* [LISTED ENTRIES]:
****

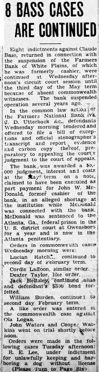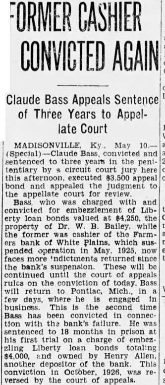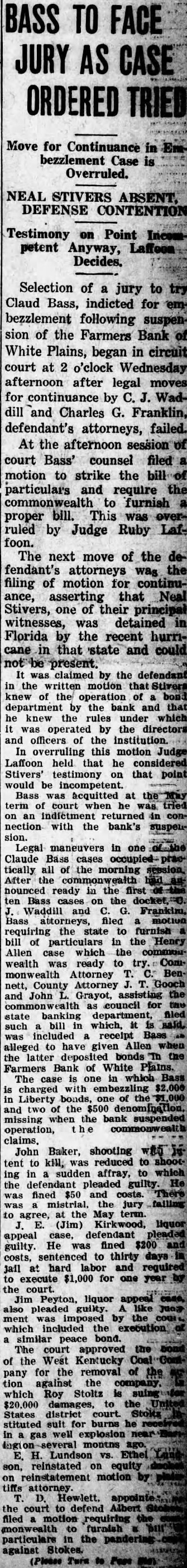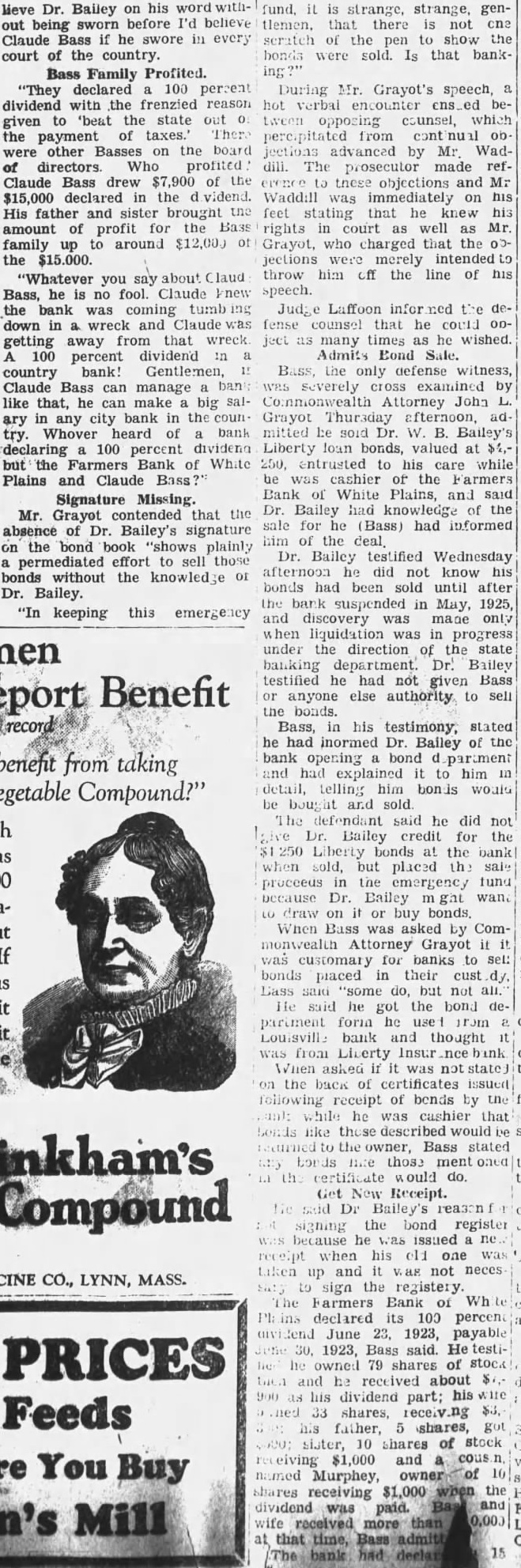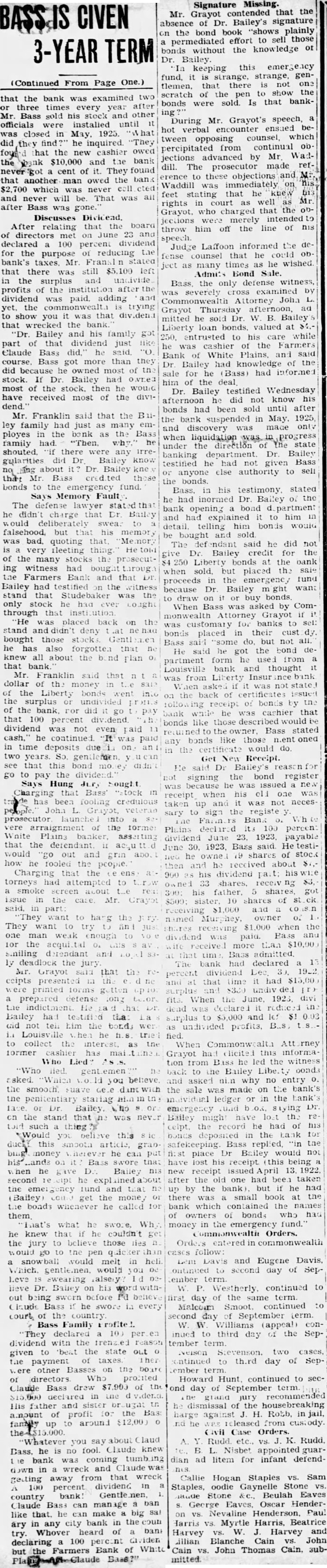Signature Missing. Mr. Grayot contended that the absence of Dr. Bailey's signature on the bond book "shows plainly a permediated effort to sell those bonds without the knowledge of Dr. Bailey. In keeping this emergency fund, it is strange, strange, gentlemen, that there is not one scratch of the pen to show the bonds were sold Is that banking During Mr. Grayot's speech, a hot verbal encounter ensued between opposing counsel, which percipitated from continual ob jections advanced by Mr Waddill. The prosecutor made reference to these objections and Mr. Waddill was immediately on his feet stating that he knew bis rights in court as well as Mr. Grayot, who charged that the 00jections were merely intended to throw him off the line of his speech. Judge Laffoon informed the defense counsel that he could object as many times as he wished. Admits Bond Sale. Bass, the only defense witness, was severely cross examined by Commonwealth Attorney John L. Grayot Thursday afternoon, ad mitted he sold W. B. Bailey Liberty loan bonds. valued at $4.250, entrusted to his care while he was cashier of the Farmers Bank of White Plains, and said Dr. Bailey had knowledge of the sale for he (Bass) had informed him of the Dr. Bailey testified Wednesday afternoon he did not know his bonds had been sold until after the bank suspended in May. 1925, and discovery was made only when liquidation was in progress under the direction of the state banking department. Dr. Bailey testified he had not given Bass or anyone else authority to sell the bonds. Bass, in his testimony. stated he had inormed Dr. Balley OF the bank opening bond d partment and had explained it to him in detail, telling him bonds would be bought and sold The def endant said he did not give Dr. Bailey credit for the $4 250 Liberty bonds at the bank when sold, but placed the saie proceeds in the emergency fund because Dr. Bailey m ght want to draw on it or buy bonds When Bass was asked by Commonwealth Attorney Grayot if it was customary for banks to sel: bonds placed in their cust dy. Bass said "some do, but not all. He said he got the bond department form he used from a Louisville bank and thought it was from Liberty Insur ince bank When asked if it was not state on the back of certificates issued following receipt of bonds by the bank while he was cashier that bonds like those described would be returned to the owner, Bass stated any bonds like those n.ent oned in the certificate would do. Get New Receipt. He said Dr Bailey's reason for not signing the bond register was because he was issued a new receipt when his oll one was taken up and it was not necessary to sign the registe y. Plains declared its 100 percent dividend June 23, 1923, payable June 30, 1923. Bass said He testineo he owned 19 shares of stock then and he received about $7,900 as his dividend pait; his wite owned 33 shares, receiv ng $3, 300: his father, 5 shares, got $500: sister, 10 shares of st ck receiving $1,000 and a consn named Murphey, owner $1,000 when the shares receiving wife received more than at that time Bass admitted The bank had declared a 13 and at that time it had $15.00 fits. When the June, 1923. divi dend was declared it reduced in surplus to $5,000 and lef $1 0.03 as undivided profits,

****

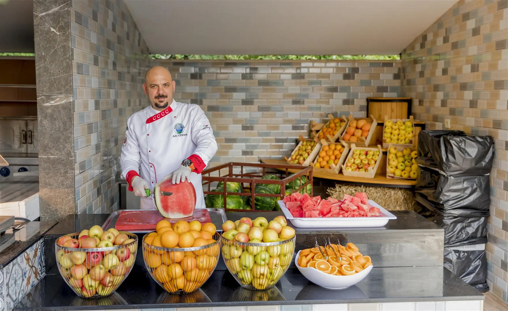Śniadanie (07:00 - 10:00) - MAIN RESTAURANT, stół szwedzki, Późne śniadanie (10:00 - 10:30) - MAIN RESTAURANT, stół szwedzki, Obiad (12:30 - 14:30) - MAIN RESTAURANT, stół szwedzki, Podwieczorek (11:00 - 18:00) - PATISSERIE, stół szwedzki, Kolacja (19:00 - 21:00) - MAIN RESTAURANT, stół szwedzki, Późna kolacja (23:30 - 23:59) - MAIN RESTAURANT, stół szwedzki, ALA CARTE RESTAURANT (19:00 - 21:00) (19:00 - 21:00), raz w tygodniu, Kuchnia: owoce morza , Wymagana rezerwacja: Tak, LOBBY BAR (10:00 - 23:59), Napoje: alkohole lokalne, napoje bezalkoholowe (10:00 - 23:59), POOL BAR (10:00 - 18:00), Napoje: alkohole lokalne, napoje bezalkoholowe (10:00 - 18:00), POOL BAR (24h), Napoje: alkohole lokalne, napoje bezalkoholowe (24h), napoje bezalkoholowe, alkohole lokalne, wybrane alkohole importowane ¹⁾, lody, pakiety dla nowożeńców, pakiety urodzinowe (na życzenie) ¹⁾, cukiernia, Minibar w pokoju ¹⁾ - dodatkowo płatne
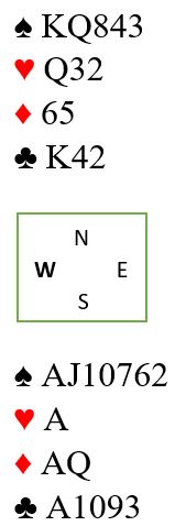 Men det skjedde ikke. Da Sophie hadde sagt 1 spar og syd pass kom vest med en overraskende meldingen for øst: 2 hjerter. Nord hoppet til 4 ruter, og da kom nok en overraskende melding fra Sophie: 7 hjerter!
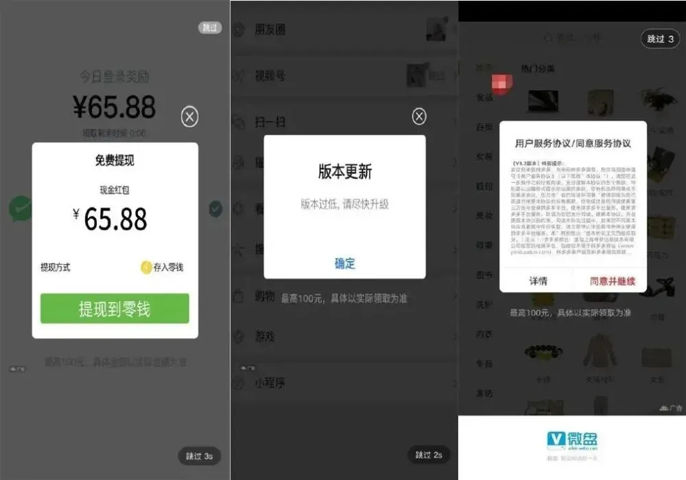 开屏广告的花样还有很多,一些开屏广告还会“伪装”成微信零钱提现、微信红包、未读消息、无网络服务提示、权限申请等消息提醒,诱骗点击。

****

* [WORK TO BE COMPLETED]: Only one stretch of the entries above is needed: the lines from the one containing "Men det skjedde" through the one containing "开屏广告的花样还有很多,一些". Copy it exactly, without the pictures.

* [RESULT OF THIS TASK]:
 Men det skjedde ikke. Da Sophie hadde sagt 1 spar og syd pass kom vest med en overraskende meldingen for øst: 2 hjerter. Nord hoppet til 4 ruter, og da kom nok en overraskende melding fra Sophie: 7 hjerter!
 开屏广告的花样还有很多,一些开屏广告还会“伪装”成微信零钱提现、微信红包、未读消息、无网络服务提示、权限申请等消息提醒,诱骗点击。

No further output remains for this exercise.